RECORDS SUPPLIED →

⁂

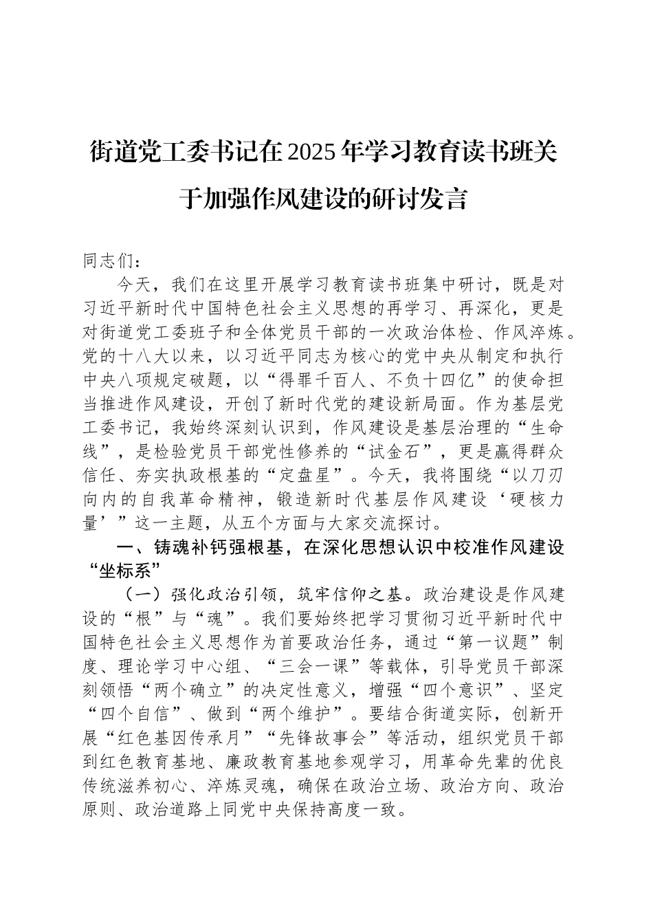 街道党工委书记在2025年学习教育读书班关于加强作风建设的研讨发言同志们:今天,我们在这里开展学习教育读书班集中研讨,既是对习近平新时代中国特色社会主义思想的再学习、再深化,更是对街道党工委班子和全体党员干部的一次政治体检、作风淬炼。党的十八大以来,以习近平同志为核心的党中央从制定和执行中央八项规定破题,以“得罪千百人、不负十四亿”的使命担当推进作风建设,开创了新时代党的建设新局面。作为基层党工委书记,我始终深刻认识到,作风建设是基层治理的“生命线”,是检验党员干部党性修养的“试金石”,更是赢得群众信任、夯实执政根基的“定盘星”。今天,我将围绕“以刀刃向内的自我革命精神,锻造新时代基层作风建设‘硬核力量’”这一主题,从五个方面与大家交流探讨。一、铸魂补钙强根基,在深化思想认识中校准作风建设“坐标系”(一)强化政治引领,筑牢信仰之基。政治建设是作风建设的“根”与“魂”。我们要始终把学习贯彻习近平新时代中国特色社会主义思想作为首要政治任务,通过“第一议题”制度、理论学习中心组、“三会一课”等载体,引导党员干部深刻领悟“两个确立”的决定性意义,增强“四个意识”、坚定“四个自信”、做到“两个维护”。要结合街道实际,创新开展“红色基因传承月”“先锋故事会”等活动,组织党员干部到红色教育基地、廉政教育基地参观学习,用革命先辈的优良传统滋养初心、淬炼灵魂,确保在政治立场、政治方向、政治原则、政治道路上同党中央保持高度一致。(二)深化理论学习,补足精神之钙。理论上的清醒是行动上自觉的前提。我们要坚持把学习习近平总书记关于作风建设的重要论述作为必修课,通过举办专题读书班、开展研讨交流、撰写心得体会等方式,深刻把握作风建设的时代内涵和实践要求。要紧密结合街道中心工作,聚焦群众反映强烈的痛点难点问题,开展“带着问题学、联系实际学”活动,将理论学习成果转化为破解基层治理难题的实际行动。例如,针对老旧小区改造、物业管理等民生问题,组织党员干部深入学习相关政策法规,研究制定切实可行的解决方案,以理论指导实践,以实践深化理论。(三)树牢宗旨意识,厚植为民情怀。作风建设的核心是保持党同人民群众的血肉联系。我们要始终坚持以人民为中心的发展思想,将群众满意度作为检验作风建设成效的“晴雨表”。通过开展“民情大走访”“群众接待日”等活动,面对面倾听群众意见,实打实解决群众困难。要建立“群众诉求清单”和“整改落实台账”,实行“销号管理”,确保群众反映的问题件件有落实、事事有回音。同时,要创新服务方式,推广“互联网+政务服务”模式,让数据多跑路、群众少跑腿,切实提升群众的获得感、幸福感、安全感。二、建章立制强保障,在完善制度体系中织密作风建设“防护网”(一)完善责任落实机制,拧紧“责任链条”。作风建设是一项系统工程,必须强化责任担当。街道党工委要严格落实全面从严治党主体责任,制定《作风建设责任清单》,明确党工委书记第一责任人责任、班子成员“一岗双责”,形成一级抓一级、层层抓落实的工作格局。要建立“党工委统筹部署、纪工委监督检查、部门协同推进”的工作机制,定期召开作风建设专题会议,研究解决突出问题,确保作风建设各项任务落地见效。(二)健全制度规范体系,扎紧“制度笼子”。制度建设是作风建设的根本保障。我们要结合街道实际,修订完善《街道机关工作制度》《社区干部管理办法》《财务管理规定》等规章制度,重点围绕中央八项规定精神的贯彻落实,细化公务接待、会议管理、文件审批等具体要求,堵塞制度漏洞。要建立“负面清单”制度,明确党员干部行为禁区,划出纪律红线,做到用制度管人、管事、管权。(三)创新考核评价机制,激活“一池春水”。考核评价是推动作风建设的“指挥棒”。我们要建立“日常考核+专项考核+年度考核”的立体化考核体系,将作风建设纳入党员干部绩效考核、述职述廉、民主生活会等重要内容,实行“一票否决”制。要创新考核方式,引入群众评价、第三方评估等机制,增强考核的科学性和公正性。同时,要强化考核结果运用,将考核结果与干部选拔任用、评优评先...
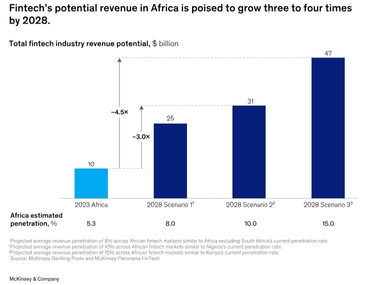 تشير تحليلات ماكينزي إلى أن إيرادات التكنولوجيا المالية في أفريقيا قد تصل إلى 47 مليار دولار بحلول عام 2028، وهو ما يمثل زيادة بخمسة أضعاف مقارنة مع قيمتها البالغة 10 مليار دولار في عام 2023.
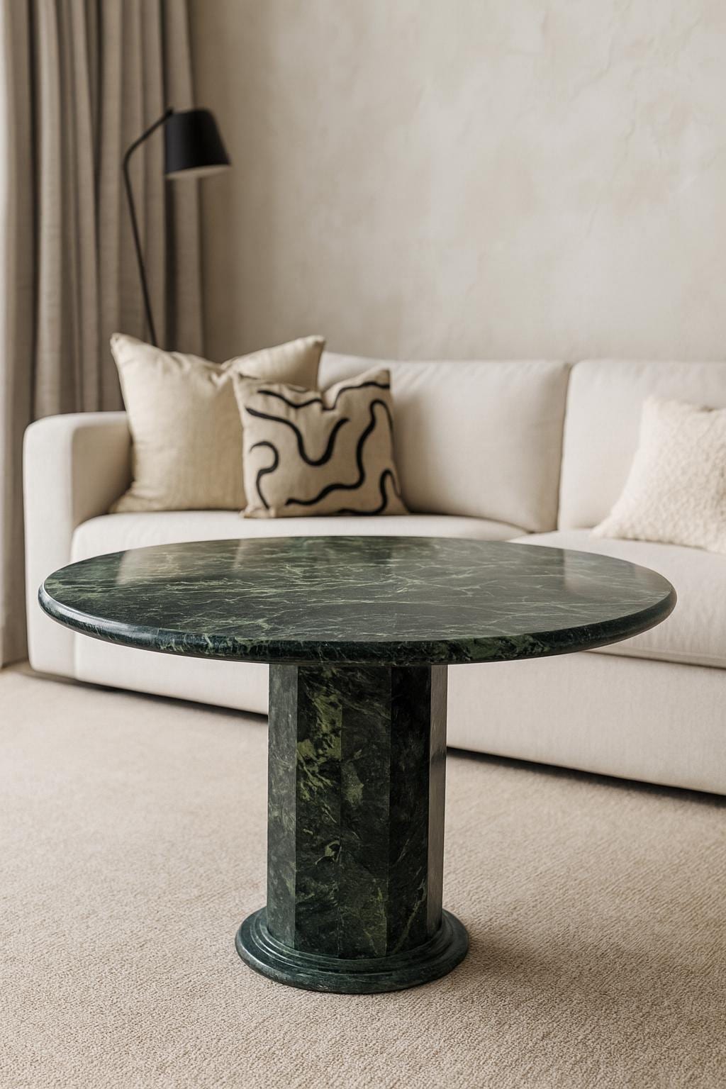 Each table is individually hand-polished by skilled artisans, highlighting the marble’s unique veining and deep green tones—ensuring that every piece is one-of-a-kind. Its glossy finish adds a luxurious touch, making it ideal for use as a coffee table, side table, or statement accent piece in living rooms, lounges, or dining areas.
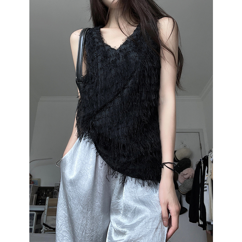 سترة بتصميم شرابة من الريش بدون أكمام ورقبة على شكل حرف V
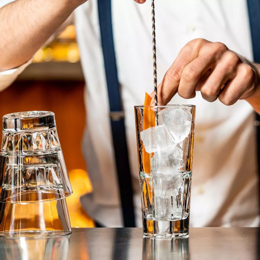 Performance with flair and functionality, Gallery by Libbey has been designed to look as good stacked on a bar as it does served and garnished. A unique faceted design adds interest to each drink, interacting with the liquid and light in beautiful ways. The thick base provides a weighty elegance, planting the drink firmly in place for an elevated drinking experience.
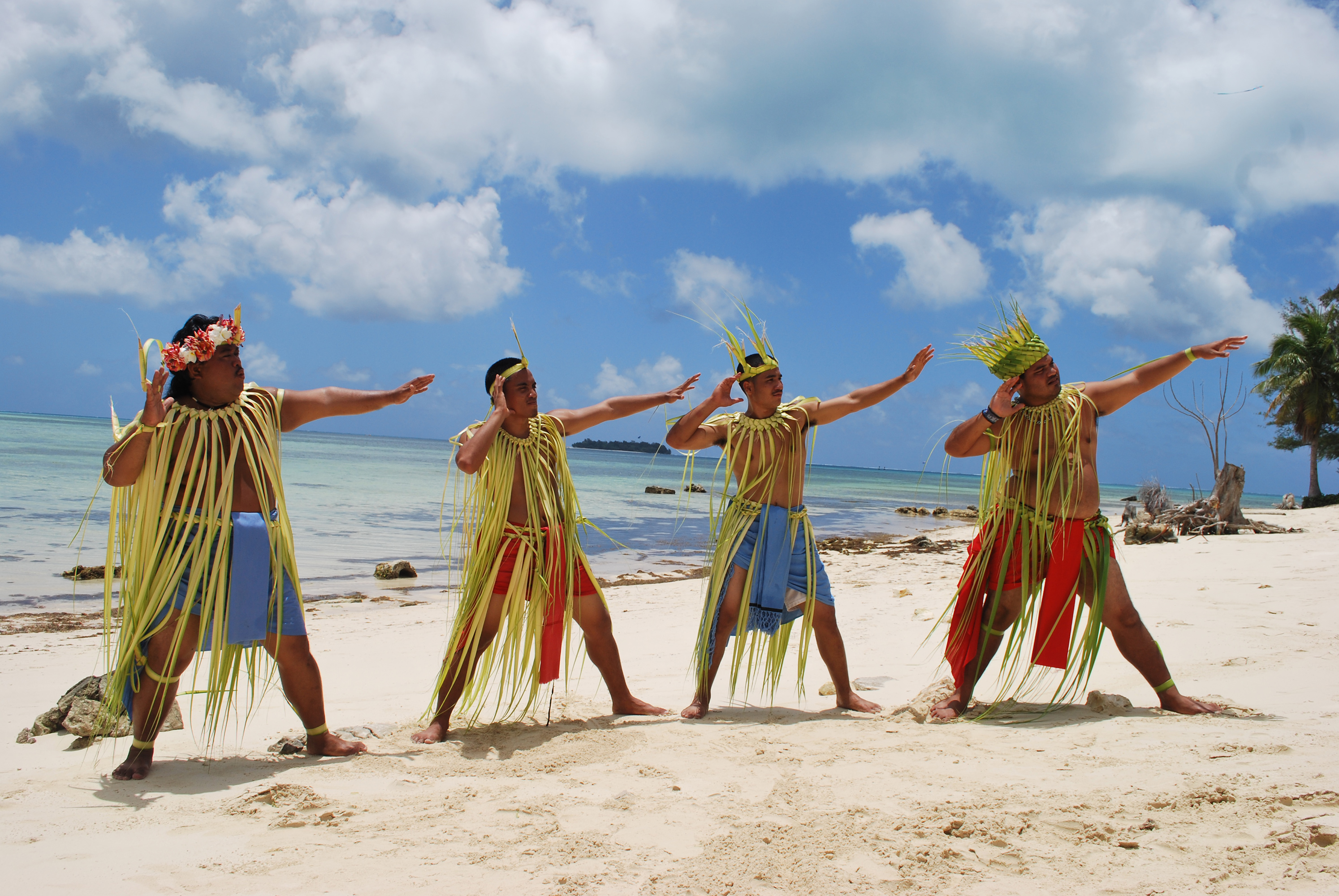 Left to right: Palúw dancers Glenn Ruben, Ricardo Marciano, David Hosono II, and Frankie W. Limes, who will perform daily during the Living Earth Festival at the Smithsonian's National Museum of the American Indian in Washington, D.C., July 20-22.

⁂

TASK →
With pictures excluded, copy exactly the lines from the line containing "Each table is" through the last line of the listing above, both ends included.

RESPONSE TO THE TASK →
 Each table is individually hand-polished by skilled artisans, highlighting the marble’s unique veining and deep green tones—ensuring that every piece is one-of-a-kind. Its glossy finish adds a luxurious touch, making it ideal for use as a coffee table, side table, or statement accent piece in living rooms, lounges, or dining areas.
 سترة بتصميم شرابة من الريش بدون أكمام ورقبة على شكل حرف V
 Performance with flair and functionality, Gallery by Libbey has been designed to look as good stacked on a bar as it does served and garnished. A unique faceted design adds interest to each drink, interacting with the liquid and light in beautiful ways. The thick base provides a weighty elegance, planting the drink firmly in place for an elevated drinking experience.
 Left to right: Palúw dancers Glenn Ruben, Ricardo Marciano, David Hosono II, and Frankie W. Limes, who will perform daily during the Living Earth Festival at the Smithsonian's National Museum of the American Indian in Washington, D.C., July 20-22.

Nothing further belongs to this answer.